The innominate vein is formed by the union of the left internal jugular and subclavian veins, normally coursing superoanterior to the aortic arch. Embryologically, the left cardinal veins regress, allowing venous drainage of the left head, neck, and arm into the right anterior cardinal vein via two transverse plexi located superior and inferior to the fourth aortic arch. Typically, this arch shortens and eventually fills the area occupied by the inferior plexus, leading to its regression. Venous blood is then shunted through the superior plexus, leading to development of the normal anatomic course of the innominate vein. The superior capillary plexus may regress in cases of right-sided aortic arch or high-riding aortic arch or in abnormal pulmonary arterial development. These lesions allow persistence of the inferior plexus, leading to formation of a retroaortic innominate vein., Retroaortic innominate vein is a rare finding in congenital heart disease (CHD), with a reported incidence of approximately 0.55%. The presence of this anatomic variant has been described in congenital cardiac lesions with right ventricular outflow tract obstruction, most commonly tetralogy of Fallot., This finding has been described previously in cases of double-outlet right ventricle with mitral atresia and a hypoplastic left ventricle, in addition to coarctation of the aorta. Herein, we describe a case of retroaortic innominate vein in an infant with hypoplastic left heart syndrome (HLHS).

Case Presentation

Our patient was a term female infant born at 40 weeks and 2 days to a 25-year-old G3 mother with negative results on serology via repeat cesarean section. The infant was diagnosed in utero with HLHS at 36 weeks' gestation. Apgar scores were 8 and 9 at 1 and 5 min, respectively. No resuscitation was necessary in the delivery room. Initial physical examination was remarkable for 1/6 systolic murmur. The infant was stabilized in the neonatal intensive care unit and subsequently transferred to the pediatric cardiac care unit, where she was started on a dinoprostone and milrinone drip at 0.01 and 0.3 μg/kg/min, respectively.
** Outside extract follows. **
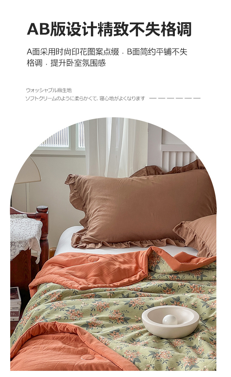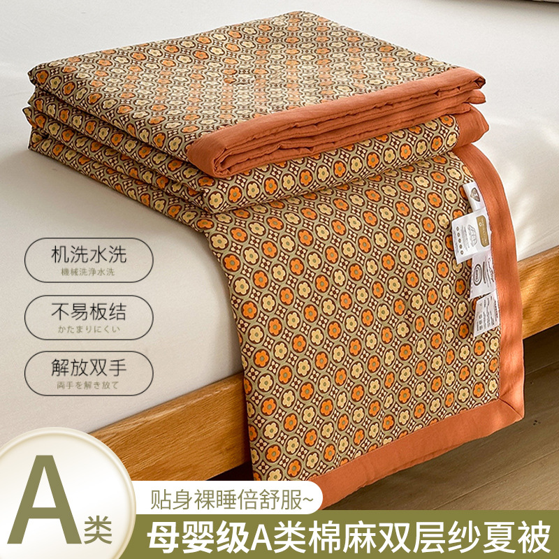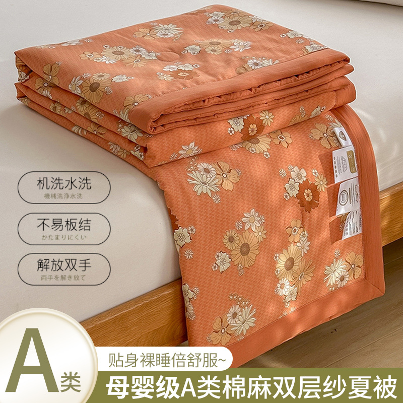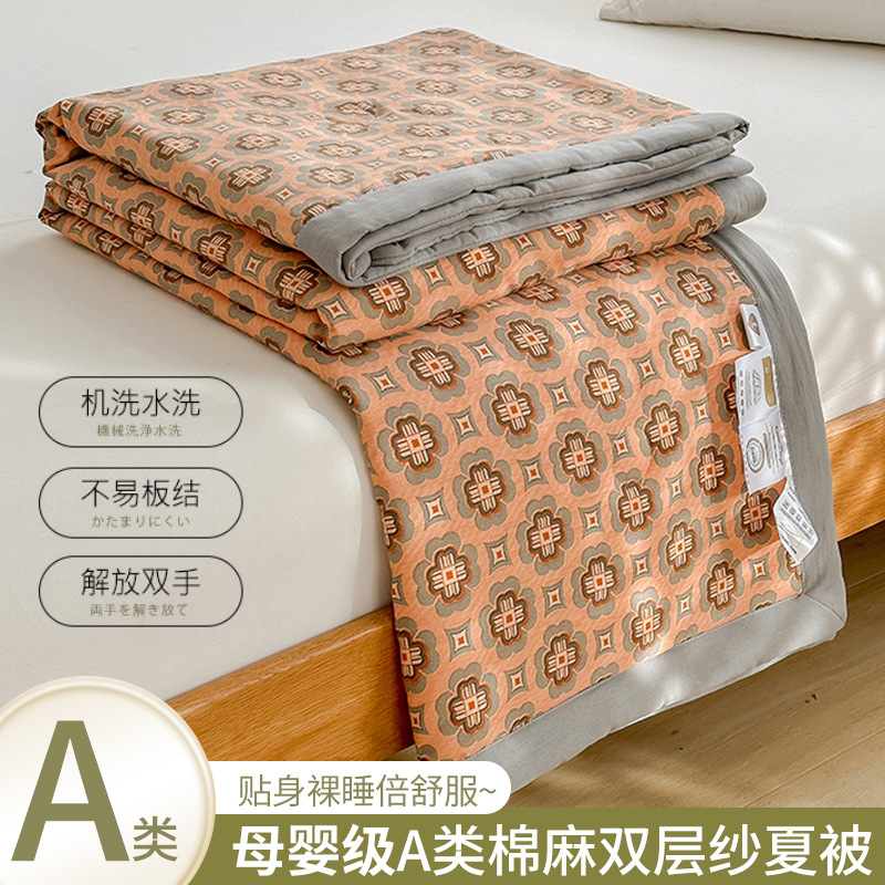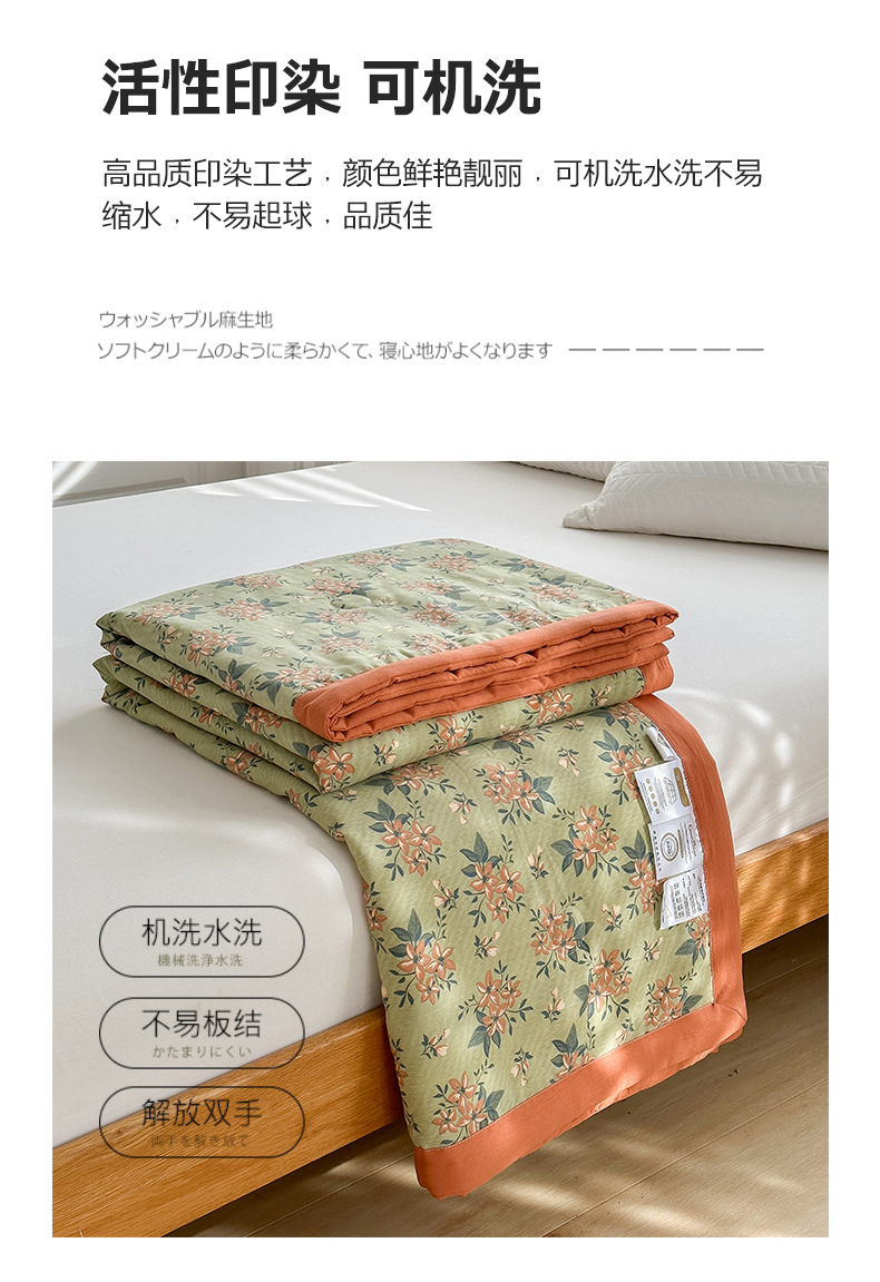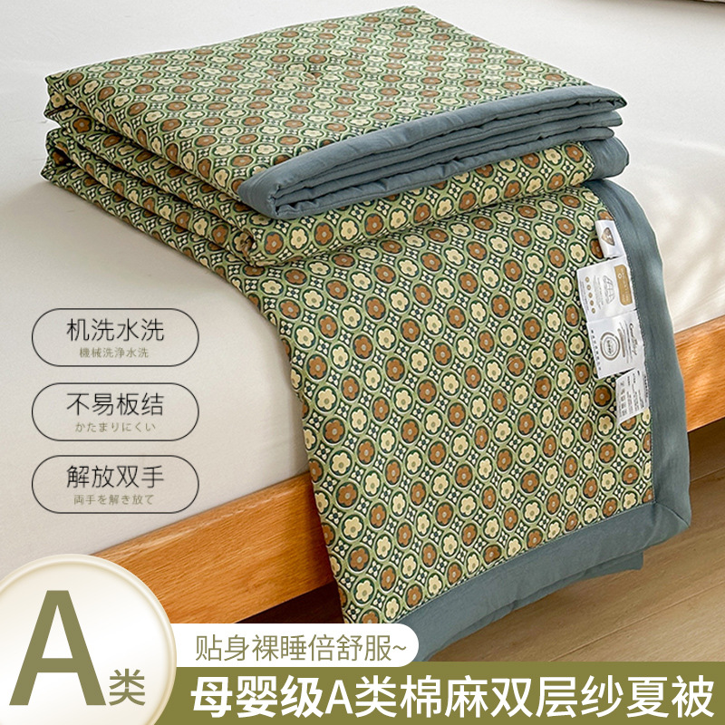 일본식 면 및 린넨 더블 레이어 거즈 여름 이불 여름 시원한 이불 싱글 더블 기계 세탁 가능한 에어컨 이불 여름 얇은 이불 도매스토어 가기

Initial transthoracic echocardiography performed shortly after birth confirmed HLHS with aortic and mitral atresia. The presence of a retroaortic innominate vein draining to the right superior vena cava at the level of the azygous vein was noted (Figure 1, Figure 2, Figure 3, Figure 4, Videos 1 and 2). The right ventricle was dilated, with normal systolic function. A left-sided aortic arch with a severely hypoplastic ascending aorta was observed (Figure 1, Figure 2, Figure 3, Figure 4, Video 3). On day of life 6 the patient underwent a Norwood procedure with Sano shunt placement. The presence of a retroaortic innominate vein was confirmed intraoperatively, leading to difficulties with aortic arch reconstruction and venous drainage. The patient underwent delayed sternal closure on postoperative day 8. The initial postoperative course was complicated by hypotension with progressive supraventricular tachycardia and increased central venous pressure, requiring epinephrine and subsequent extracorporeal membrane oxygenation support. After 3 days, echoencephalography revealed a right-sided intraparenchymal hemorrhage, and the patient was separated from extracorporeal membrane oxygenation support. The patient remained hospitalized until postoperative day 84.
Figure 1

Retroaortic innominate vein and right pulmonary artery in short-axis view.

Figure 2

Retroaortic innominate vein and right pulmonary artery in short-axis view with Doppler.

Figure 3

Anteroposterior and sagittal angiographic view of retroaortic innominate vein.

Figure 4

Anteroposterior and sagittal angiographic view of left-sided aortic arch.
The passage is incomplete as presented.